4 day weekends are the best. Can every weekend be this awesome? Seriously. We didn’t “do” anything, but I feel recharged. Not so recharged that I *WANT* to go back to work, but enough that I feel good about life. And that got me thinking….I think I’m well adjusted. I think I’m…happy. And I don’t know what to do about it.
2 weeks ago yesterday, my best frienddog died. And it crushed me. But I understand fundamentally, within my bones and soul, that it was what he needed at that point. And so I’m OK with it. For the first time in my life, I’m not actively unhappy with my body. I have a routine that I’m happy with for exercise. It doesn’t involve making myself miserable, but it involves enough exercise that I can eat as much cheese as I want. I love my husband, and he loves me. We love our home, and we’re working on improving it within reason. I’ve gone through some failed attempts to advance at work lately, but I’m still fundamentally happy in my current position. We’re comfortable enough financially. Yeah, I’m not jet-setting, retirement by 40 isn’t going to happen, and I’ll probably never be a supermodel, but all things considered…I’m good. So now what?

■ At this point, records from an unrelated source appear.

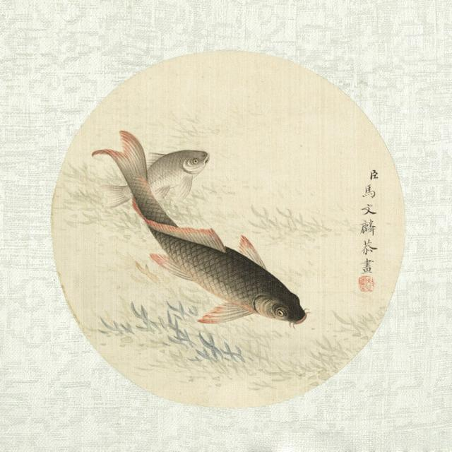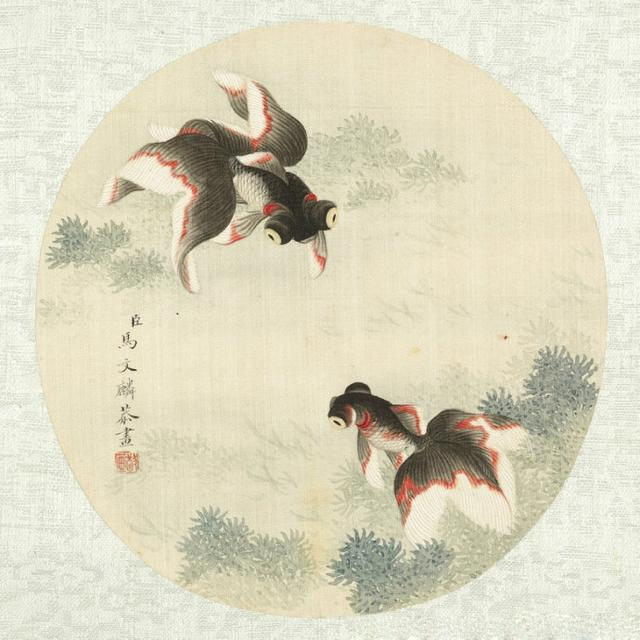 作者清代马文麟。此册绘鲫、鲤与各色金鱼悠然栖止水草间,生动和谐的自然情趣。
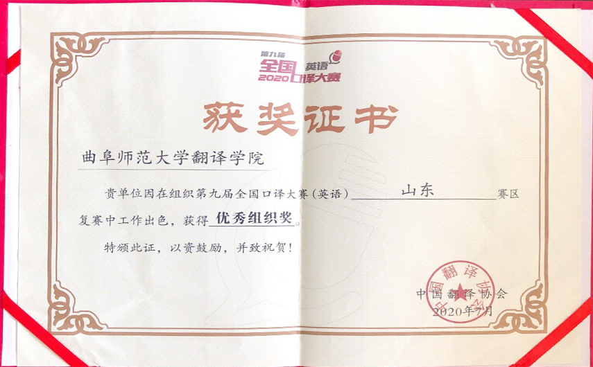 全国口译大赛(英语)由中国外文局指导、中国翻译协会主办,旨在促进翻译学科建设和语言服务行业的繁荣与发展、培养高素质语言服务人才,更好地服务国家发展大局和国际传播能力建设,是最具影响力的全国性口译赛事之一。本届大区赛采用网络形式进行,共有来自9个省的200多名选手同台竞技。比赛采用交替传译形式,分为英译汉和汉译英两个环节,赛题涉及政治、经济、科技、艺术等多个领域,对选手的基本口译能力、知识广度和应变能力进行了全面考察。最终,翻译学院学子凭借扎实的双语能力和良好的心理素质一路过关斩将从山东赛区复赛脱颖而出,顺利完成大区赛。翻译学院也荣获优秀组织奖和优秀团体奖。
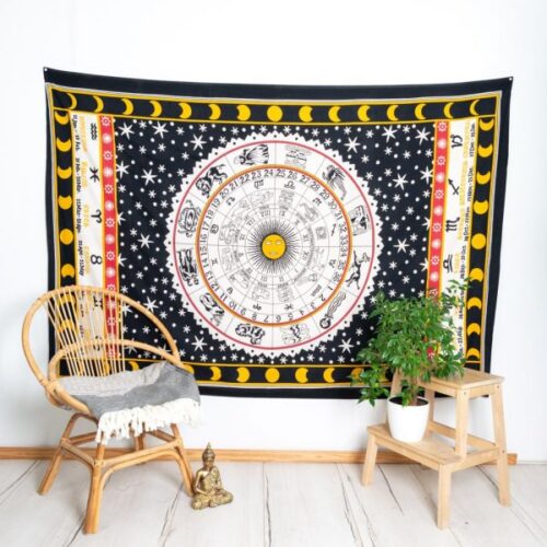 Oplev den mystiske skønhed og håndværksmæssige kvalitet i dette autentiske vægtæppe med horoskopmotiv, fremstillet i Jaipur, Indien. Dette unikke vægtæppe er designet til at tilføje en spirituel og dekorativ dimension til ethvert rum.

Life’s different now than it was 20 years ago when my Mom was approaching 40. I’m not going to presume or make commentary on what her life was at that age, but what I know she didn’t have was social media. She didn’t have hundreds of opportunities to compare her life to those of everyone she’s ever met and judge herself accordingly. I’m presented with those opportunities every day, and while I try to remember Amy Poehler’s motto of “Good for her, not for me”, things sneak through. It’s easy to compare your exhaustive documentary to someone else’s highlight reel. But it seems more easy to remind myself that in most cases, no-in every case, it’s apples to oranges. You can’t quantify happiness. And even if you can, it’s not finite. Someone else’s bliss doesn’t reduce yours. Unless I find another human who likes to go for really, really long walks and then sleep a bunch, drink wine, pluck weeds from flower beds one by one, and cross stitch, how could I say who’s doing it better-and why would I want to? Why can’t we be happy FOR someone without measuring our response to their happiness in direct proportion to our own?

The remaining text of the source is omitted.